EXERCISE.
Restate exactly the lines below, from the one containing "La campagne de" through the final line, and leave out the pictures.

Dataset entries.
---------------

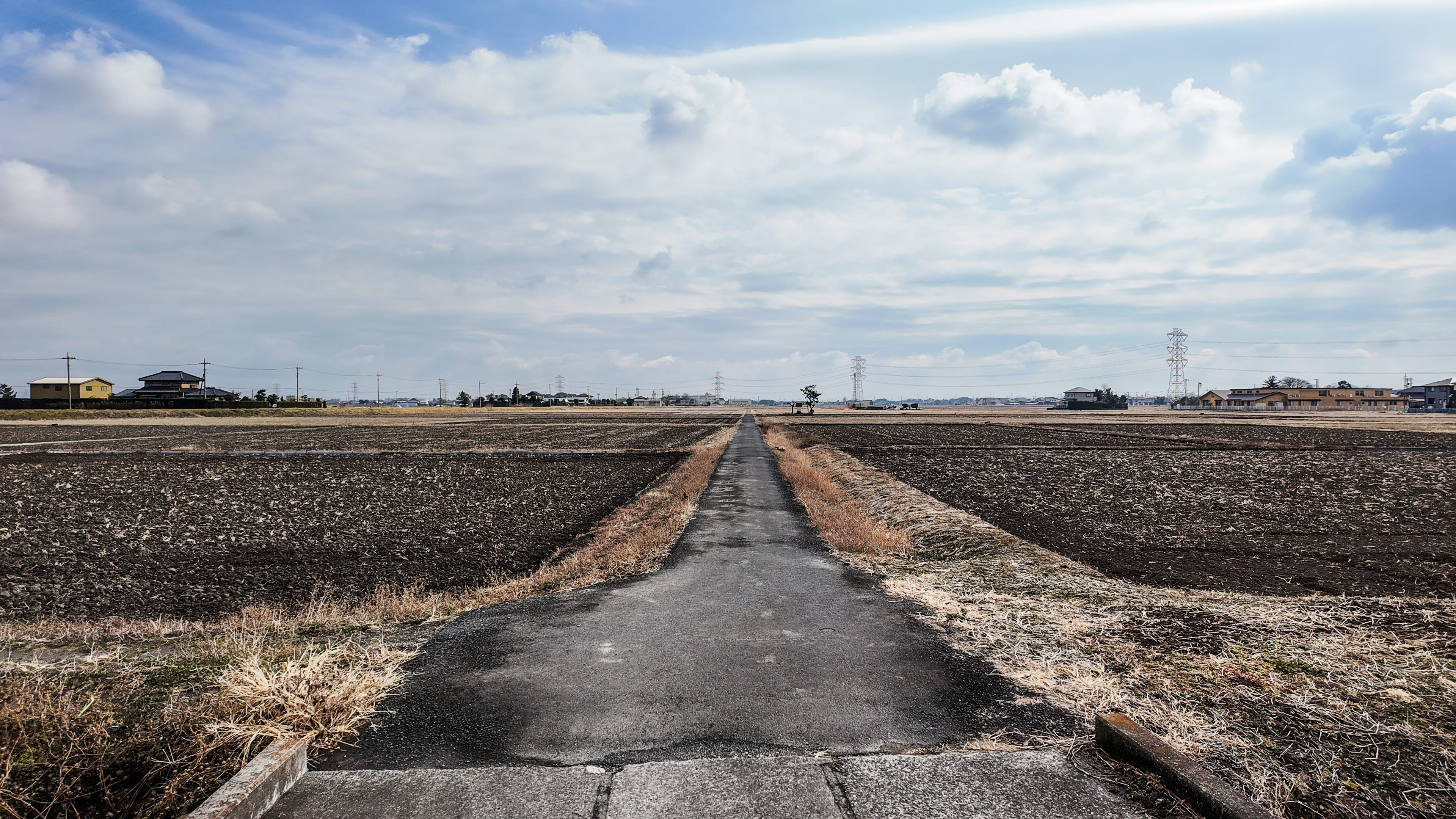 冬の農村を撮影した写真素材です。コンクリートの農道が地平線まで一直線に延び、両脇には耕された畑と枯れ草が広がっている。田舎の風景や農業・農村テーマのコンテンツにおすすめです。
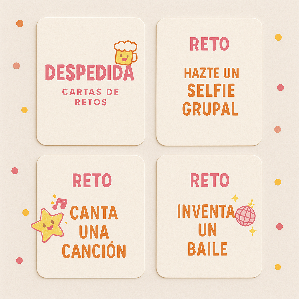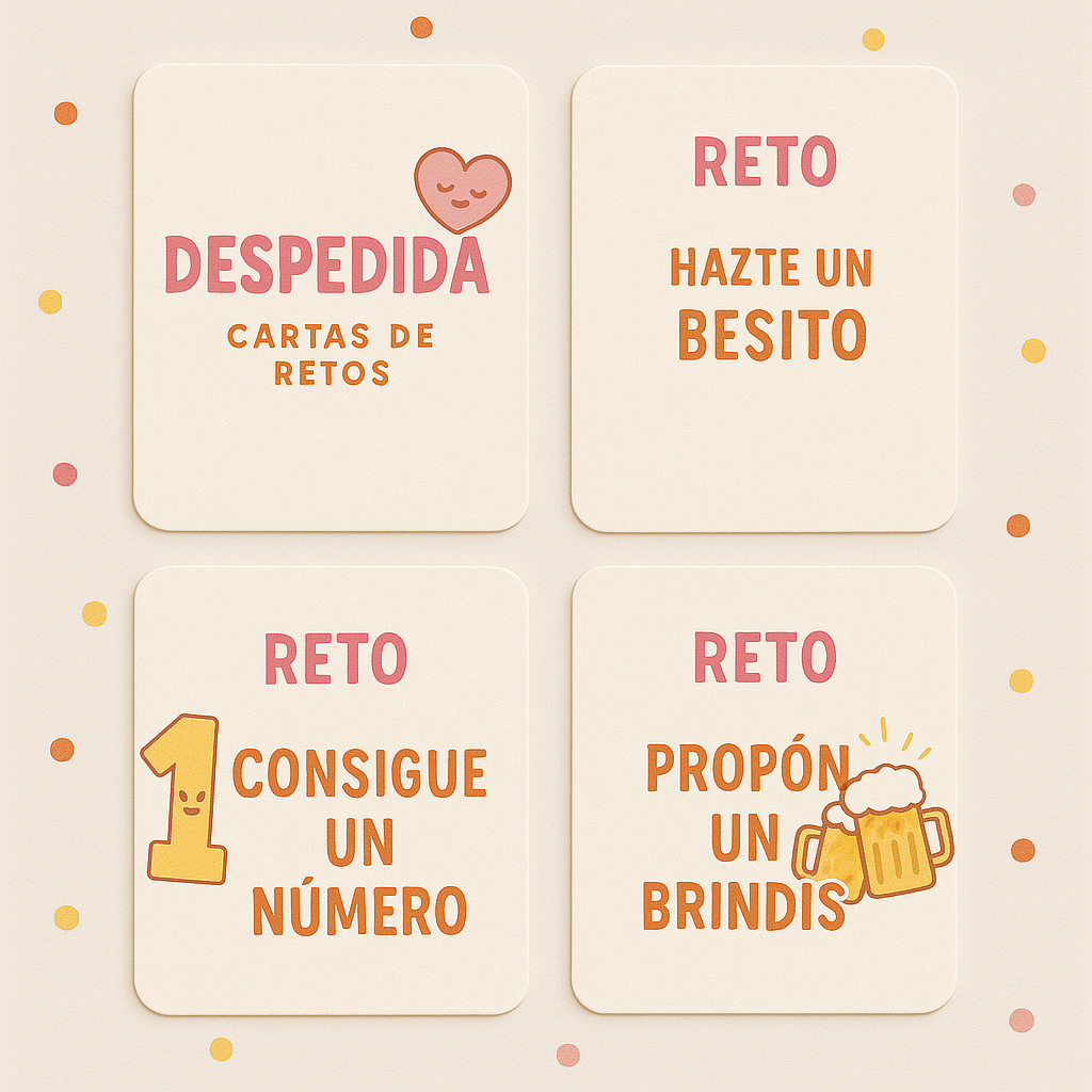 Tarjetas de retos para bodas con 20 desafíos divertidos. Un juego original y personalizado para sorprender y animar a tus invitados.
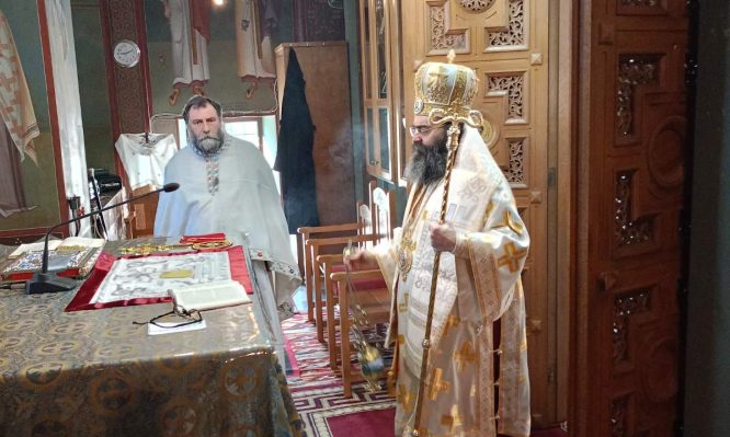 Ο Θεοφιλέστατος Επίσκοπος Τεγέας κ. Θεόκλητος τέλεσε τον Όρθρο και την Θεία Λειτουργία στον ενοριακό Ιερό Ναό Γεννήσεως του Χριστού Πούλιθρων Λεωνιδίου.
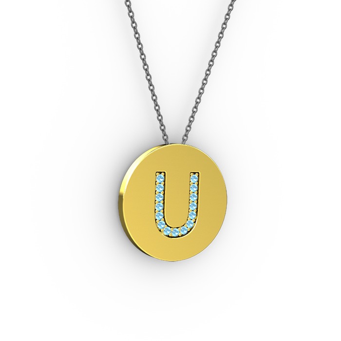 Akuamarin 14 ayar altın kolye (40 cm gümüş rolo zincir)
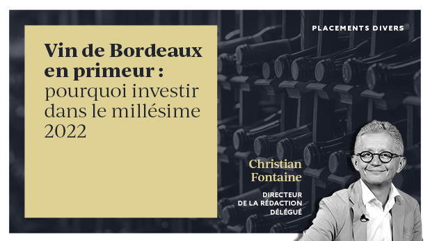 La campagne de commercialisation des grands crus de Bordeaux 2022 en primeur bat son plein. Le millésime est exceptionnel. Pour allier plaisir et potentiel de plus-value, nous vous conseillons les seconds vins, des Châteaux Angelus et Lafite Rotschild notamment.
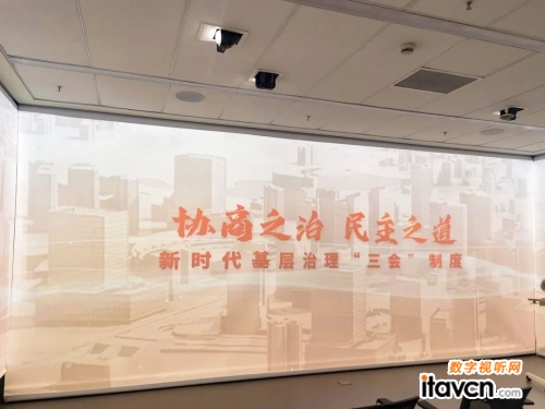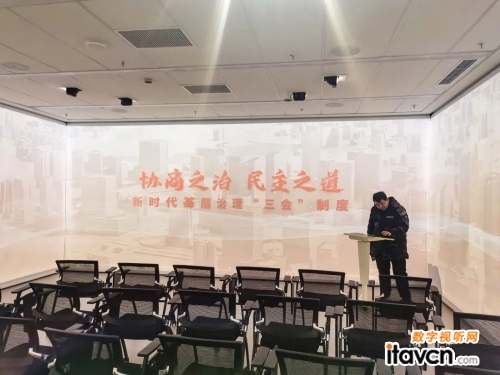沉浸式實訓教室是黃浦黨校的一大亮點,通過采用LED室內全彩屏、投影融合顯示系統、擴聲系統和可視化分布式系統,打造了一個高度沉浸感的視聽環境。日常會議時,由LED室內全彩屏、擴聲系統和可視化分布式系統組成的會議系統,為與會者提供了一個清晰、逼真、高效的會議體驗。當需要沉浸式體驗時,打開投影融合顯示系統,觀眾的視覺完全被包圍,再配合環繞立體聲系統,使參與者充分體驗一種高度身臨其境的三維立體視聽感受,獲得一個具有高度沉浸感的可視環境,參與者仿佛置身于一個真實的環境中,能夠更好地理解和體驗學習的內容。
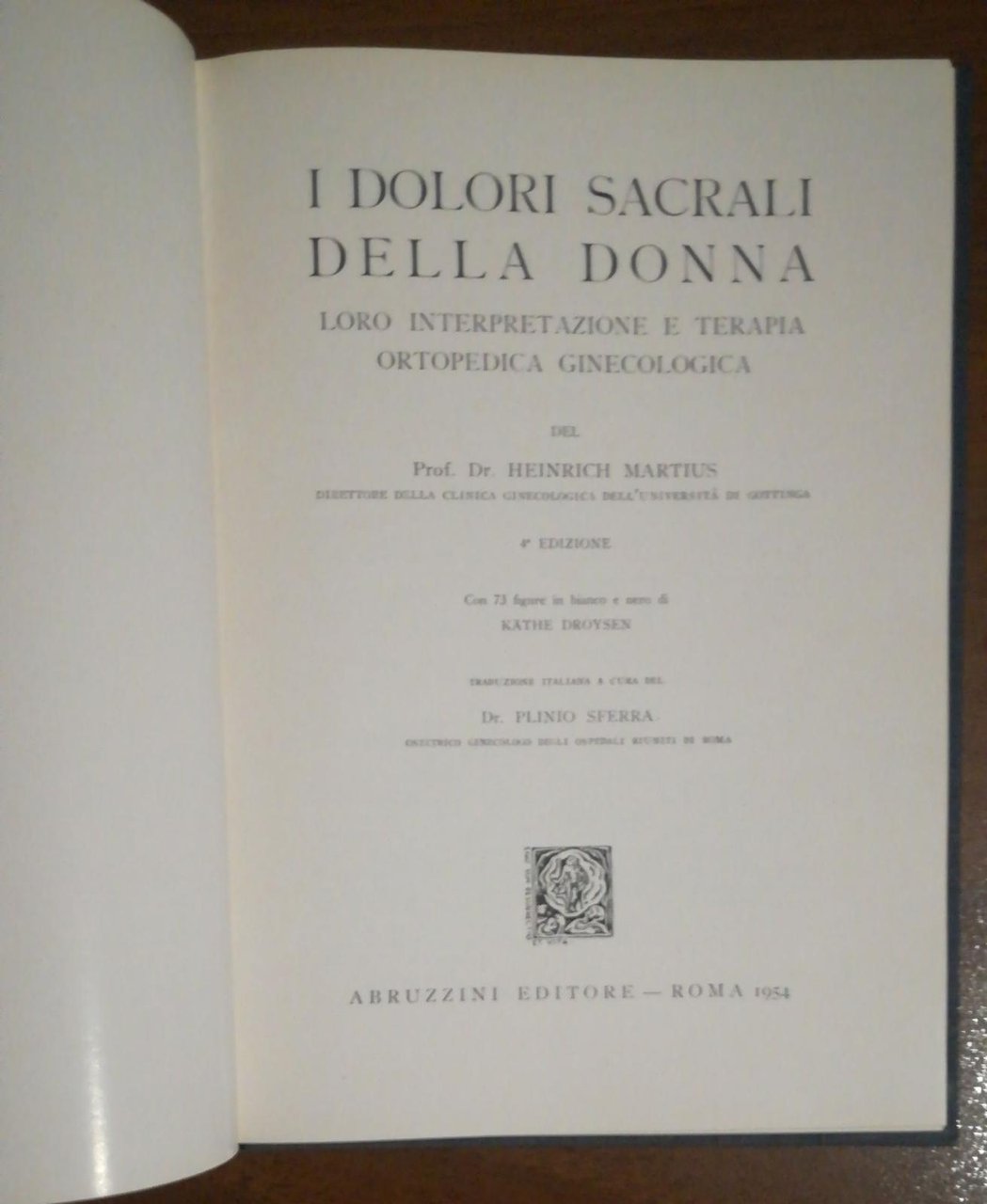 I DOLORI SACRALI DELLA DONNA loro interpretazione e terapia ortopedica ginecologica | Libri antichi e moderni | MARTIUS -- SFERRA, ,MARTIUS -- SFERRA

---------------

YOUR RESPONSE.
 La campagne de commercialisation des grands crus de Bordeaux 2022 en primeur bat son plein. Le millésime est exceptionnel. Pour allier plaisir et potentiel de plus-value, nous vous conseillons les seconds vins, des Châteaux Angelus et Lafite Rotschild notamment.
沉浸式實訓教室是黃浦黨校的一大亮點,通過采用LED室內全彩屏、投影融合顯示系統、擴聲系統和可視化分布式系統,打造了一個高度沉浸感的視聽環境。日常會議時,由LED室內全彩屏、擴聲系統和可視化分布式系統組成的會議系統,為與會者提供了一個清晰、逼真、高效的會議體驗。當需要沉浸式體驗時,打開投影融合顯示系統,觀眾的視覺完全被包圍,再配合環繞立體聲系統,使參與者充分體驗一種高度身臨其境的三維立體視聽感受,獲得一個具有高度沉浸感的可視環境,參與者仿佛置身于一個真實的環境中,能夠更好地理解和體驗學習的內容。
 I DOLORI SACRALI DELLA DONNA loro interpretazione e terapia ortopedica ginecologica | Libri antichi e moderni | MARTIUS -- SFERRA, ,MARTIUS -- SFERRA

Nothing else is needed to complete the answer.